Tamaki put the likelihood of a snap, lower house poll at between 10% and 20%, in part because Abe's government has come under criticism after an advisory panel suggested that many retirees could not live on pension income alone.
"Because of the pension issue, the wind isn't blowing in such a good direction (for Abe)," Tamaki said.
Abe has led his Liberal Democratic Party (LDP) to five general election wins since returning as party leader in 2012, aided by a fragmented opposition and low turnout.

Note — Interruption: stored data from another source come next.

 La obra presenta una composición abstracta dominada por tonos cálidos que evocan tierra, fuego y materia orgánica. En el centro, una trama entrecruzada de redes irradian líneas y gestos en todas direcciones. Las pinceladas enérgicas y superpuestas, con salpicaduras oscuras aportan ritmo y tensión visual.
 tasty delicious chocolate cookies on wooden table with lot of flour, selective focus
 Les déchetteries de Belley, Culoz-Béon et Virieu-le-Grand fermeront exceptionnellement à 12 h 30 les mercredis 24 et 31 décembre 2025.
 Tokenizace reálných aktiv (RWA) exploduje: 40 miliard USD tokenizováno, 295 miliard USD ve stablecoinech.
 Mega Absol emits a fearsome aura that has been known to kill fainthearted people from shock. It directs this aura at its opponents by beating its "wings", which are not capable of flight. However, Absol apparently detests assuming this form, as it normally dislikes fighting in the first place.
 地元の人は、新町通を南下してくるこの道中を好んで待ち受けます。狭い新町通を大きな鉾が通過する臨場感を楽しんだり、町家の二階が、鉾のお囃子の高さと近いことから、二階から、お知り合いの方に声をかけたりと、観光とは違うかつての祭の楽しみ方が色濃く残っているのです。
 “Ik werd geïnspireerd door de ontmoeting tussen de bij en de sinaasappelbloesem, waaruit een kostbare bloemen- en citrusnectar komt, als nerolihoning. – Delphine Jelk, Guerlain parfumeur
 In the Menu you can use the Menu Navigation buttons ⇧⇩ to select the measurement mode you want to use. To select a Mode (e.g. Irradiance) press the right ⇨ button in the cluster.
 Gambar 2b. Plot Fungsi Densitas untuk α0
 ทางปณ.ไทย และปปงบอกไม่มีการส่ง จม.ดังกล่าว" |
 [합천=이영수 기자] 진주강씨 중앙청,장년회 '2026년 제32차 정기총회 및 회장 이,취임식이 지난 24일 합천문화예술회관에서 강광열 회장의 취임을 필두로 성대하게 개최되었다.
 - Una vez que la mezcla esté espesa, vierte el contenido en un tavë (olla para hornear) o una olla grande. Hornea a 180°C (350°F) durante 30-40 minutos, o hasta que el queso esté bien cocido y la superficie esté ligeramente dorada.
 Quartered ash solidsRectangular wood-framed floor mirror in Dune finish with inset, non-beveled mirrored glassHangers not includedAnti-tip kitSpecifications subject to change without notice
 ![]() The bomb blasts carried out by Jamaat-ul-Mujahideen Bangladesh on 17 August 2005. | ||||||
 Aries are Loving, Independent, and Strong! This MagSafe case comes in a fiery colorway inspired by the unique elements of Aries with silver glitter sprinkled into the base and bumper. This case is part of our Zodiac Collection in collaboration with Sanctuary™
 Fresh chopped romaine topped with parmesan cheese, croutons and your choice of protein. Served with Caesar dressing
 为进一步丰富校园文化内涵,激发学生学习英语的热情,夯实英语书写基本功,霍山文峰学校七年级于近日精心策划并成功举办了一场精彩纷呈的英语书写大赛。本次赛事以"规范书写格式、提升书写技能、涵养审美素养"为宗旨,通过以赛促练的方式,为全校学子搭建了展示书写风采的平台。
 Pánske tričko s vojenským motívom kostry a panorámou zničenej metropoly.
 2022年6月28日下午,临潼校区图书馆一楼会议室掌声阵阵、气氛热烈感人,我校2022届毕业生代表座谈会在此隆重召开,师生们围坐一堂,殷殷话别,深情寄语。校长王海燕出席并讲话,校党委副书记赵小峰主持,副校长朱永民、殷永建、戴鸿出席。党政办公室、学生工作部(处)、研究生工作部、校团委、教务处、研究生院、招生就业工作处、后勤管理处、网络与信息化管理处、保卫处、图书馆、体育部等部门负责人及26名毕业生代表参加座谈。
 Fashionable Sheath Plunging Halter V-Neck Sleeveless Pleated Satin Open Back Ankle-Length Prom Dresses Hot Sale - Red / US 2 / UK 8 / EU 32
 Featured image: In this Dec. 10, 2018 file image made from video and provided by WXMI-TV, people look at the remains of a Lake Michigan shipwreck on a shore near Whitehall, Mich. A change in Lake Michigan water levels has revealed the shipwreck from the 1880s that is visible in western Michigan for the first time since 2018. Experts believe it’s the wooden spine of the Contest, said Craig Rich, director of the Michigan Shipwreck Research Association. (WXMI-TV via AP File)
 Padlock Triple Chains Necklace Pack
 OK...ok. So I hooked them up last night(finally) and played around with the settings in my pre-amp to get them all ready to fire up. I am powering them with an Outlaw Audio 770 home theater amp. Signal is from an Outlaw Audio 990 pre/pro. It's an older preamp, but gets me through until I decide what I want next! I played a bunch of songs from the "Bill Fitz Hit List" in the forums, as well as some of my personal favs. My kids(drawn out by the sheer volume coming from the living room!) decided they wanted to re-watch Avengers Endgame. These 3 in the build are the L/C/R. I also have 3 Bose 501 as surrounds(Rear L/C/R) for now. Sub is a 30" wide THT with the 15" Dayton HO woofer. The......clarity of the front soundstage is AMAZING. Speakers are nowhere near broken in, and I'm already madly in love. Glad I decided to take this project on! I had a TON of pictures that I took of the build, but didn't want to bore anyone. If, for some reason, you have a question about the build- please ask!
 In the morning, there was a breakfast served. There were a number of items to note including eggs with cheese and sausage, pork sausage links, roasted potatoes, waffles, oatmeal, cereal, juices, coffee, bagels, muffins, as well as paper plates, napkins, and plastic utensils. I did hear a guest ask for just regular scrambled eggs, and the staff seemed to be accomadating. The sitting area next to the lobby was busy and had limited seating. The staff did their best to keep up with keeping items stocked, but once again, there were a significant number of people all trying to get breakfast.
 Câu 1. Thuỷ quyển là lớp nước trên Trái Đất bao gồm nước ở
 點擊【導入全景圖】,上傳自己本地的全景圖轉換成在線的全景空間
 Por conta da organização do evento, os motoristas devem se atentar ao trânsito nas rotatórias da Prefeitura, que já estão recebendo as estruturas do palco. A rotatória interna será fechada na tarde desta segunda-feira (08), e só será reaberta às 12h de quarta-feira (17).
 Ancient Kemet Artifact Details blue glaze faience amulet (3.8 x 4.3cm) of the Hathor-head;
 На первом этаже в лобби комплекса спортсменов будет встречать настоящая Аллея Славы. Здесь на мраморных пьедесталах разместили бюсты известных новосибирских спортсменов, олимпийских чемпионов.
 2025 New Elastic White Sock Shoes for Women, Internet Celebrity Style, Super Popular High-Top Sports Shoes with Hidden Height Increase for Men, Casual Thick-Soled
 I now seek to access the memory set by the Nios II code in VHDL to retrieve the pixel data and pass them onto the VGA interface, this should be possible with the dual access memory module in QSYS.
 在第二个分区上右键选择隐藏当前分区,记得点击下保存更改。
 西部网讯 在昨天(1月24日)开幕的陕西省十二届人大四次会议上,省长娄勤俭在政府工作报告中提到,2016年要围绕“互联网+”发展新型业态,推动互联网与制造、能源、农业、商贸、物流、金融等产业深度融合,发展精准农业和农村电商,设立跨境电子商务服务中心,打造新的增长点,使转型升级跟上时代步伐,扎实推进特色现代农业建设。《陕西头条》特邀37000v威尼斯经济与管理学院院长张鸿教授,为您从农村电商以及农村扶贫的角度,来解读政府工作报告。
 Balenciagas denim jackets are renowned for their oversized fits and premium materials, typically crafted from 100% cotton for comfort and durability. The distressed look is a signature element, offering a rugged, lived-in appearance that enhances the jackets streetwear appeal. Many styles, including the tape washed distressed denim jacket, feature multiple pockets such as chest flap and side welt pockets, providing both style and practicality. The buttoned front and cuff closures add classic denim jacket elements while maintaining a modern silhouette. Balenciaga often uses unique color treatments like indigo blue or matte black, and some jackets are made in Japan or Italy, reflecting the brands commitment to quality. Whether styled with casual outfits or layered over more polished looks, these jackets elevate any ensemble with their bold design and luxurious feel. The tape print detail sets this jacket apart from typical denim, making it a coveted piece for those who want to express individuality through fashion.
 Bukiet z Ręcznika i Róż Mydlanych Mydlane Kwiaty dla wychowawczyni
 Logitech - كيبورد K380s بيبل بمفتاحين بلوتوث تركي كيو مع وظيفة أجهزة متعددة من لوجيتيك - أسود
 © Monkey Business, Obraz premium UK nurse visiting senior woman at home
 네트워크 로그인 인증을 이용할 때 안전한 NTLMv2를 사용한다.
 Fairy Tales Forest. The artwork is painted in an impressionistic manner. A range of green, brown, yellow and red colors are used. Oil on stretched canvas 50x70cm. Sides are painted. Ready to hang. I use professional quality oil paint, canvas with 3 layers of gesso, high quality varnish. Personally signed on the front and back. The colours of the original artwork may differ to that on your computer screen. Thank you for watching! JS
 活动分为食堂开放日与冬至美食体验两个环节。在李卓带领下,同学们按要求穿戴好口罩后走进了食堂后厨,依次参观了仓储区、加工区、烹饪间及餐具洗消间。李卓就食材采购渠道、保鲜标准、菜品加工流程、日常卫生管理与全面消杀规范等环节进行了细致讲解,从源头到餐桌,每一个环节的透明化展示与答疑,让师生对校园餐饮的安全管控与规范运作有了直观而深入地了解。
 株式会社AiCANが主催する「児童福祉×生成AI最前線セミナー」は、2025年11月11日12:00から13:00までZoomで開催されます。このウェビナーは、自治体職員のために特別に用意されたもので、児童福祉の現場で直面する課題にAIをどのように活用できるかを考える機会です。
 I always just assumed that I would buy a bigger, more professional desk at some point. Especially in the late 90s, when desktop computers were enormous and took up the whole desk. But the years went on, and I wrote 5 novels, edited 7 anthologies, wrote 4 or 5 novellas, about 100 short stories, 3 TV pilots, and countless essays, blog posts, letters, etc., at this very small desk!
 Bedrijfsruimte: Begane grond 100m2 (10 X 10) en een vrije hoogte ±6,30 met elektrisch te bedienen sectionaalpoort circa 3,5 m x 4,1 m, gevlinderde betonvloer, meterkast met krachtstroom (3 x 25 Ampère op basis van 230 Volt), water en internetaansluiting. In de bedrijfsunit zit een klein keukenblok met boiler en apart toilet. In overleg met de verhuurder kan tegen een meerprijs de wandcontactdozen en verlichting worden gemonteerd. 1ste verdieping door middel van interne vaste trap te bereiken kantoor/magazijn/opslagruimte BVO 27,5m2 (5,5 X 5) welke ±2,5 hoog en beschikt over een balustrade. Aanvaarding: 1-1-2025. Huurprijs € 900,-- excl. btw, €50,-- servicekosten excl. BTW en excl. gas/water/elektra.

"We are divided, so voters feel their votes would be marginalized and would not lead to any big change" if they opted for an opposition party, Tamaki said. He said he feared a future in which Japan's political sphere was divided into a permanent ruling bloc versus a permanent opposition camp.
"I think the next upper and lower house elections may be the last chance for a political system to take root in which a change in government is possible," he said.
"If an election nears ... for the first time, we could begin to build a stronger cooperative relationship," he said.
The DPFP, formed after its center-left predecessor split into two main groups in 2017, has struggled to gain traction, winning backing from just 1.2 percent of voters in a survey this month by public broadcaster NHK.
That compared with the LDP's 36.7 percent and 5.1 percent for the biggest opposition group, the Constitutional Democratic Party of Japan (CDPJ).
The CDPJ, however, has been wary of any opposition merger that would skate over policy differences. Many voters have not forgotten the 2009-2012 rule of the predecessor of the DPFP and CDPJ, which was plagued by flip-flops and infighting.
"We want to bring the opposition together as much as possible, but there is another party," Tamaki said. "It's the same as marriage."